DATA SUPPLIED: Begin

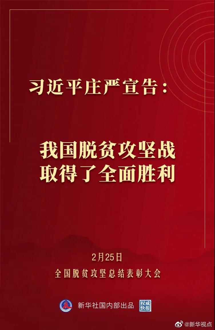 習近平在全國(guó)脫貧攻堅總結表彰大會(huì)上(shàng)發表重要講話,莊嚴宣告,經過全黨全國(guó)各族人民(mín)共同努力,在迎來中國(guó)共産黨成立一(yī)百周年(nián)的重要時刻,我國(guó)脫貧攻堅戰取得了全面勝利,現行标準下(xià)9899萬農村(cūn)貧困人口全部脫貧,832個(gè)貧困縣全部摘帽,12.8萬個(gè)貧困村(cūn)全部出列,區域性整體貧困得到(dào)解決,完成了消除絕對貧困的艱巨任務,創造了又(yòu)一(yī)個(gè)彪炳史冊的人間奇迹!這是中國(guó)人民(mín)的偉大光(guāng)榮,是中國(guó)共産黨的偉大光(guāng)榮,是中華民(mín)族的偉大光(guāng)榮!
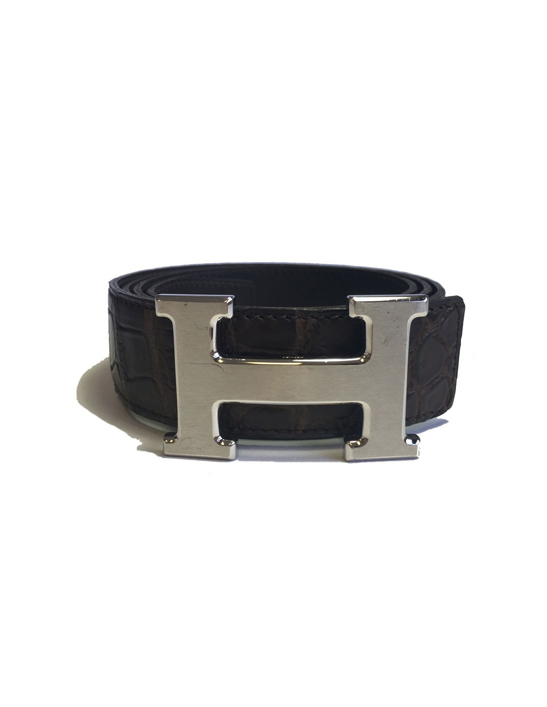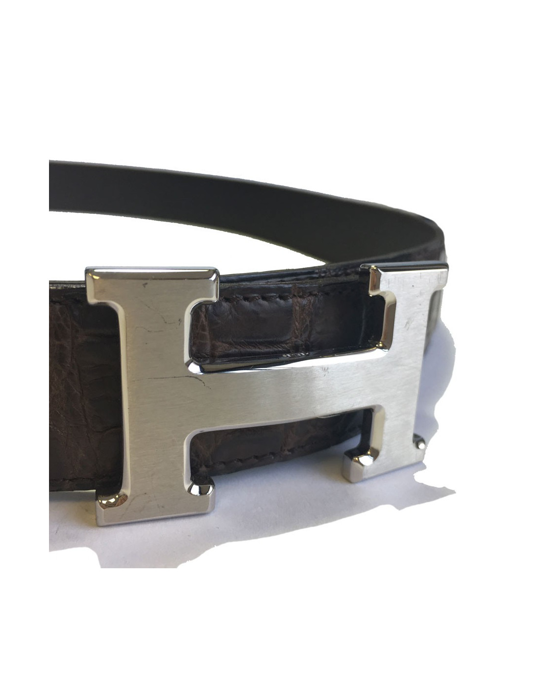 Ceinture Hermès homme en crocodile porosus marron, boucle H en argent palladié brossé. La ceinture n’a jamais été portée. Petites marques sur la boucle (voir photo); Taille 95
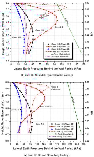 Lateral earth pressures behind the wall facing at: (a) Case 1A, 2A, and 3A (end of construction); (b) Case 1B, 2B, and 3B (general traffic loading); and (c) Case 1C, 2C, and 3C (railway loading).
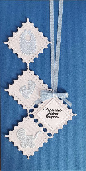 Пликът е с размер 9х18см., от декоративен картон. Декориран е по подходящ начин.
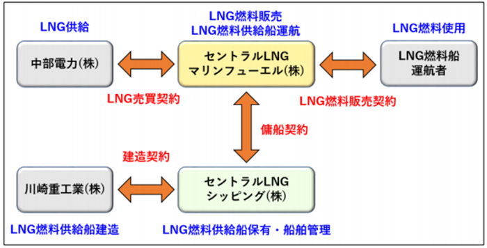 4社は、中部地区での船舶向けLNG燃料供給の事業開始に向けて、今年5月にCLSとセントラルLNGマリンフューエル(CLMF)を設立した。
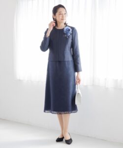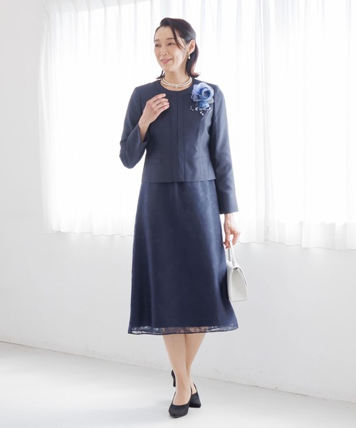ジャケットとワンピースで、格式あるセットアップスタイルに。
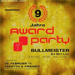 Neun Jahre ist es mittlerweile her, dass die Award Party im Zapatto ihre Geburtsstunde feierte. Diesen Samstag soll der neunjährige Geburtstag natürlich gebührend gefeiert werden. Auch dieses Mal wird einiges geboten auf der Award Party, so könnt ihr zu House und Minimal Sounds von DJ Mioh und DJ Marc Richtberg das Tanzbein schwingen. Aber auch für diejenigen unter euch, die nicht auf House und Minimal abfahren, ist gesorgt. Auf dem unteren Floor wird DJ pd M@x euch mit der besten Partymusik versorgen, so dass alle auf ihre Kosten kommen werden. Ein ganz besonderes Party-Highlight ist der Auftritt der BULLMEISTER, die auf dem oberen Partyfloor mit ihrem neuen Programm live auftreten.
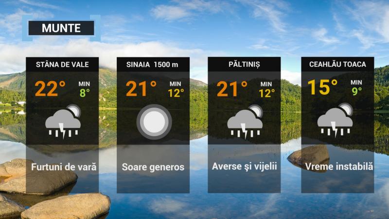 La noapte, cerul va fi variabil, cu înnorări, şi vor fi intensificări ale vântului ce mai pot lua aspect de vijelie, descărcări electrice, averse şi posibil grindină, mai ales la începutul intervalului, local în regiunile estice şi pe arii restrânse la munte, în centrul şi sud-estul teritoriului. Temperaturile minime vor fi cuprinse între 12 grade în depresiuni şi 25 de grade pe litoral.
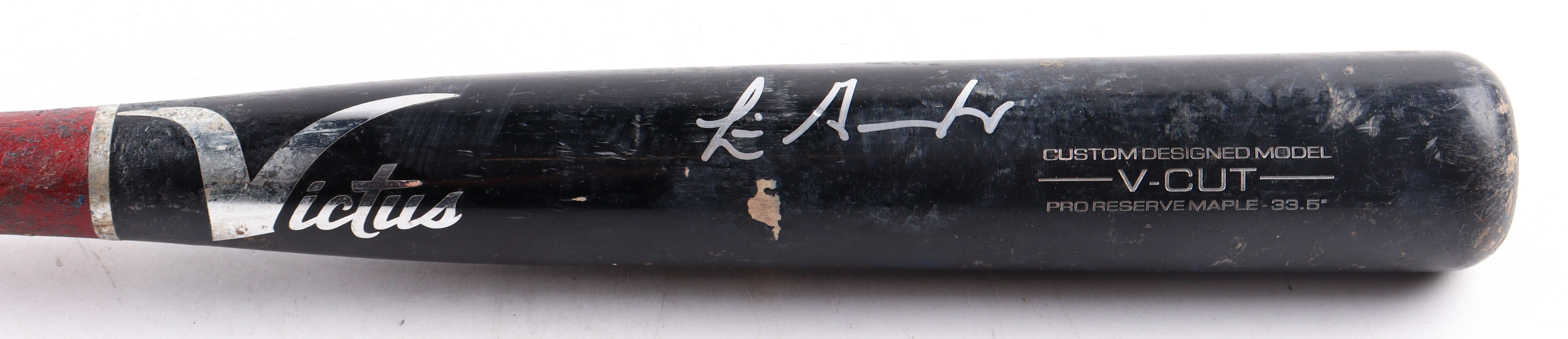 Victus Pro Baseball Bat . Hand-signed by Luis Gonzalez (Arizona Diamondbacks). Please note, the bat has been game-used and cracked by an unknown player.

DATA SUPPLIED: End
DATA SUPPLIED: Begin

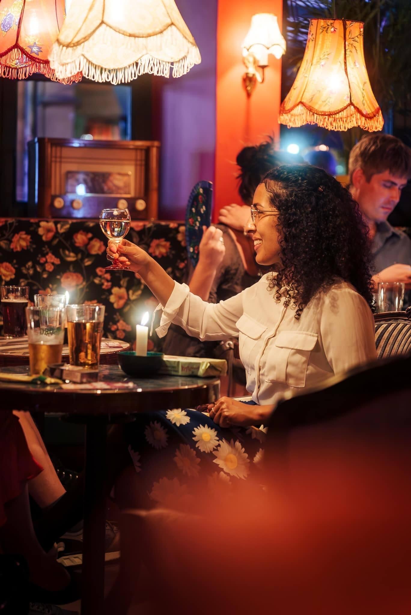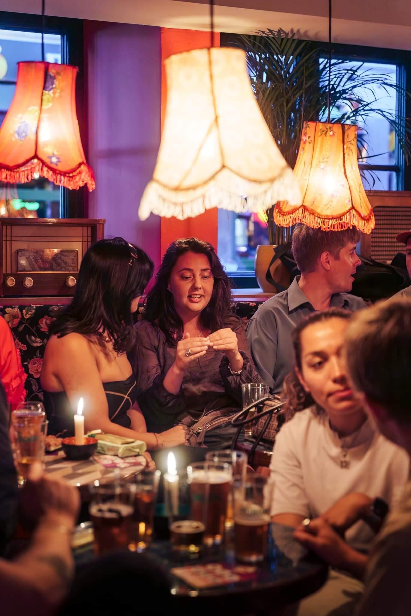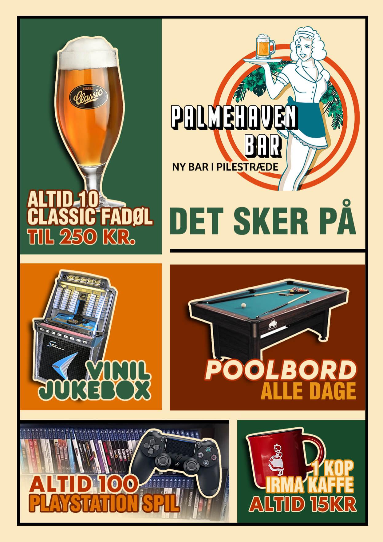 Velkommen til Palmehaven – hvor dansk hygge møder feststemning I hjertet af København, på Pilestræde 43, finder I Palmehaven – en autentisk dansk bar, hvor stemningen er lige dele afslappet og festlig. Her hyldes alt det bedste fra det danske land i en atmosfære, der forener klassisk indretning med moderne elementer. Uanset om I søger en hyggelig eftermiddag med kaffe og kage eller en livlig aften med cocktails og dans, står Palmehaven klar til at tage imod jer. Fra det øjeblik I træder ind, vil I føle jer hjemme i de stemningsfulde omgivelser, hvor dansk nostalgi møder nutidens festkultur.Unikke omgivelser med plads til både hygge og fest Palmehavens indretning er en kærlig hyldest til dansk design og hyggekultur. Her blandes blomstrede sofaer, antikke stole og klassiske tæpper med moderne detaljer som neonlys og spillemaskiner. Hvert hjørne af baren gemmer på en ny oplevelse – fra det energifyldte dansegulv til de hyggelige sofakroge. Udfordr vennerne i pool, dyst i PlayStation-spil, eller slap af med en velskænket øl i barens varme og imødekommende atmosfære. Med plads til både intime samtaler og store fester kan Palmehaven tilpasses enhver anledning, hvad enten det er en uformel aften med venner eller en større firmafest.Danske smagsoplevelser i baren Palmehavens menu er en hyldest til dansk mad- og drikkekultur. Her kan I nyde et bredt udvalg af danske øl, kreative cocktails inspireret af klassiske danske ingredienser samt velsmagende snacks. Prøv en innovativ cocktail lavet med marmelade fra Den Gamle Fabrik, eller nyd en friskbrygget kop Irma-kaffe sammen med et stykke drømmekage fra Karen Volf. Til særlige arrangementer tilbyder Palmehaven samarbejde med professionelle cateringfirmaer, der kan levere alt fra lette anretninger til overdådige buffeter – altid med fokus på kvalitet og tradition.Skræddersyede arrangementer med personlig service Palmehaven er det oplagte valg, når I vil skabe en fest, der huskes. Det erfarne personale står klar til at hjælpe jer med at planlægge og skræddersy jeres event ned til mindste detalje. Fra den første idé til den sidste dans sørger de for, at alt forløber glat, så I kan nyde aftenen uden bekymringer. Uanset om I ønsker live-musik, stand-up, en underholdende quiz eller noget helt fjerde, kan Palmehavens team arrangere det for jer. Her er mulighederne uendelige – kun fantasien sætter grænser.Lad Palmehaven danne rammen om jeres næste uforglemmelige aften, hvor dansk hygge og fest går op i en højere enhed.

DATA SUPPLIED: End
DATA SUPPLIED: Begin

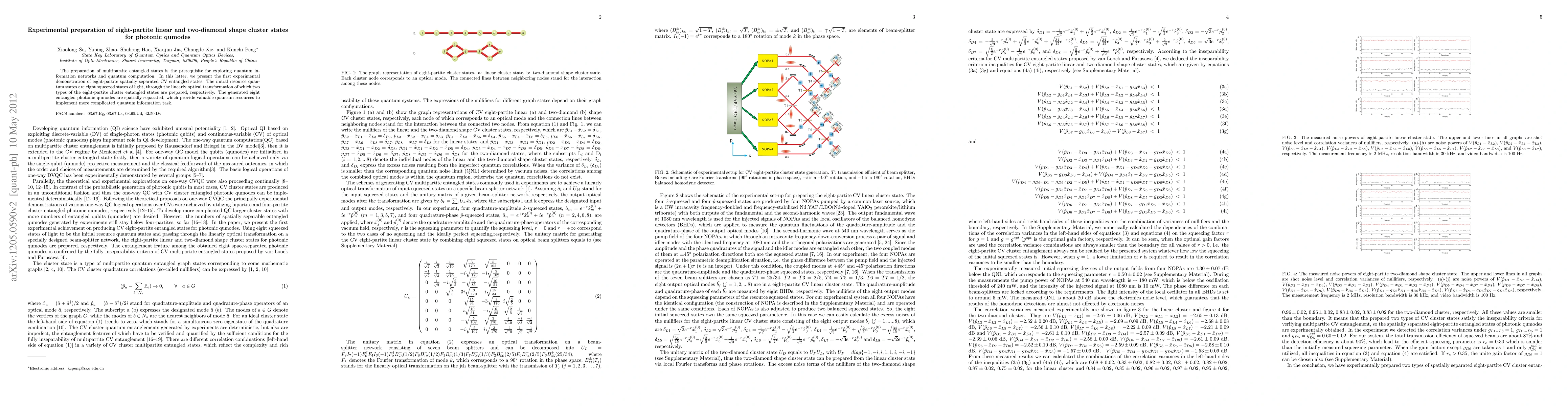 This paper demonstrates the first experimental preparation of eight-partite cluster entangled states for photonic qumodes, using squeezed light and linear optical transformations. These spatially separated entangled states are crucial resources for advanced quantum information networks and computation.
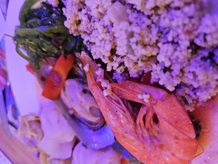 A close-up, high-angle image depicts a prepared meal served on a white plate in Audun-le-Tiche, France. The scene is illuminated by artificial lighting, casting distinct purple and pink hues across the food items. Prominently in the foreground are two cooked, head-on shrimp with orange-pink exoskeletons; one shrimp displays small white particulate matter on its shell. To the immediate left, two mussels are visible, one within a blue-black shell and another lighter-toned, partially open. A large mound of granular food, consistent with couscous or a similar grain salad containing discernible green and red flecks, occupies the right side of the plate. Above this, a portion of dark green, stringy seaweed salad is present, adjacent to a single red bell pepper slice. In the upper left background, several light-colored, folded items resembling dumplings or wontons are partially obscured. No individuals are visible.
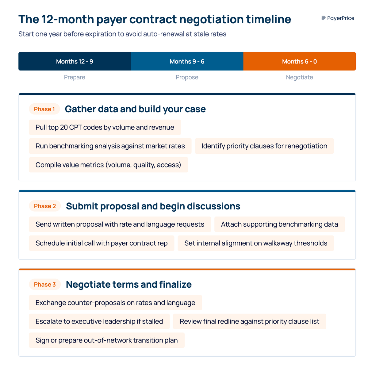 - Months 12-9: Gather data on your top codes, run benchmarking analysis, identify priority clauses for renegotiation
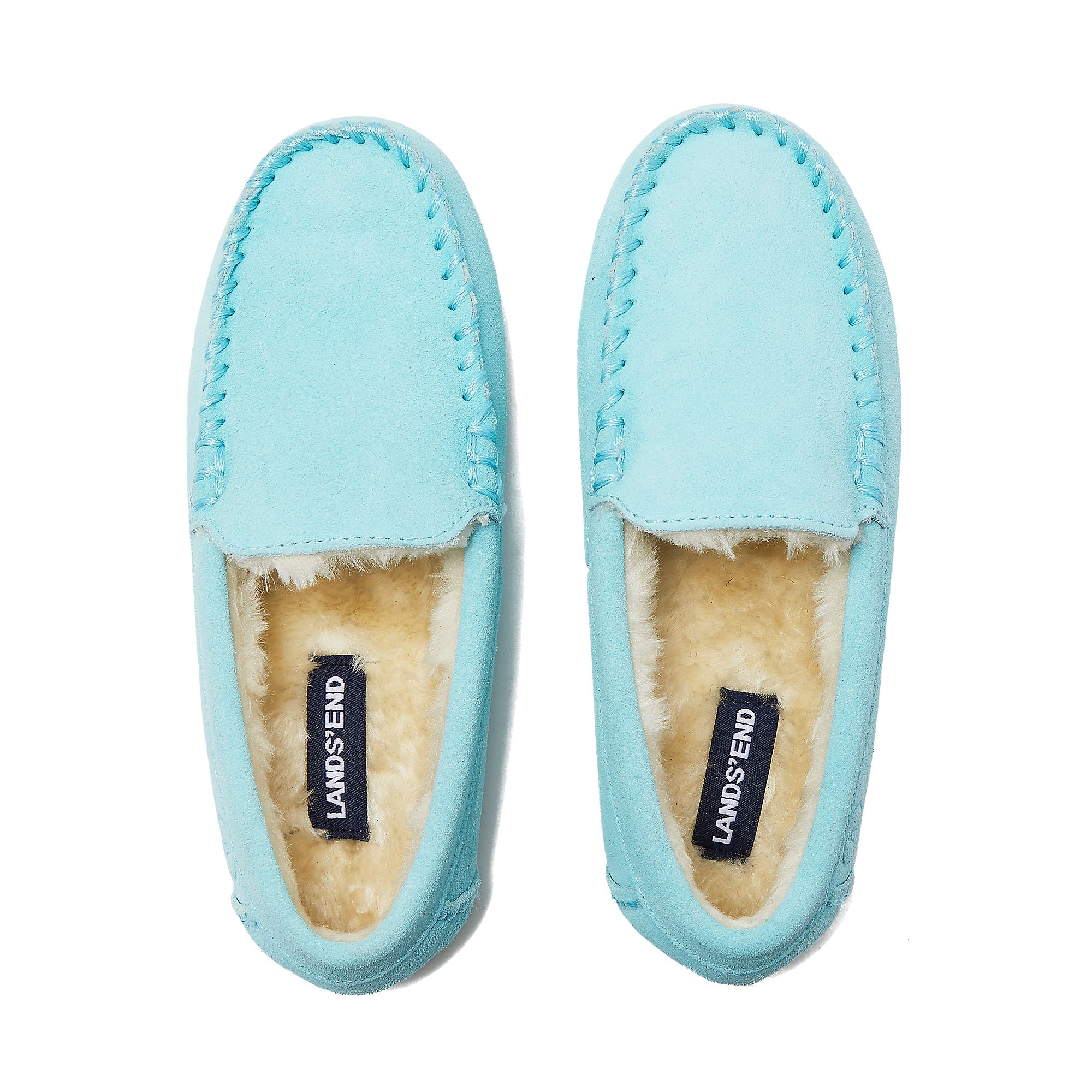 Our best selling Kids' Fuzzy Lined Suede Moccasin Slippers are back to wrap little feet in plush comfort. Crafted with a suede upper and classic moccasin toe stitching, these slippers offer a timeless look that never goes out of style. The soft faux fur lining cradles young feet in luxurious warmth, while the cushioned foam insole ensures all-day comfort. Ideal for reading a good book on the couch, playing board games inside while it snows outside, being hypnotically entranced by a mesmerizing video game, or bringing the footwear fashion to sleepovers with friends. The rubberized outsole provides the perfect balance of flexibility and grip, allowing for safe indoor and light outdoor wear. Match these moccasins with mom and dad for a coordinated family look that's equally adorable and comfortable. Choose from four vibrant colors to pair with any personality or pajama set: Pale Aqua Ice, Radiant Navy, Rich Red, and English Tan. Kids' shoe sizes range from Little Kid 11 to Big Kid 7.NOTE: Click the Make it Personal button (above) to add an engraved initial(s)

DATA SUPPLIED: End

§ **REQUIRED ACTION**
Where a picture appears in the records above, omit it, and transcribe exactly the stretch of lines from the one with "A close-up, high-angle" through the one with "- Months 12-9: Gather".

§ **SOLUTION FOR THIS EXERCISE**
 A close-up, high-angle image depicts a prepared meal served on a white plate in Audun-le-Tiche, France. The scene is illuminated by artificial lighting, casting distinct purple and pink hues across the food items. Prominently in the foreground are two cooked, head-on shrimp with orange-pink exoskeletons; one shrimp displays small white particulate matter on its shell. To the immediate left, two mussels are visible, one within a blue-black shell and another lighter-toned, partially open. A large mound of granular food, consistent with couscous or a similar grain salad containing discernible green and red flecks, occupies the right side of the plate. Above this, a portion of dark green, stringy seaweed salad is present, adjacent to a single red bell pepper slice. In the upper left background, several light-colored, folded items resembling dumplings or wontons are partially obscured. No individuals are visible.
 - Months 12-9: Gather data on your top codes, run benchmarking analysis, identify priority clauses for renegotiation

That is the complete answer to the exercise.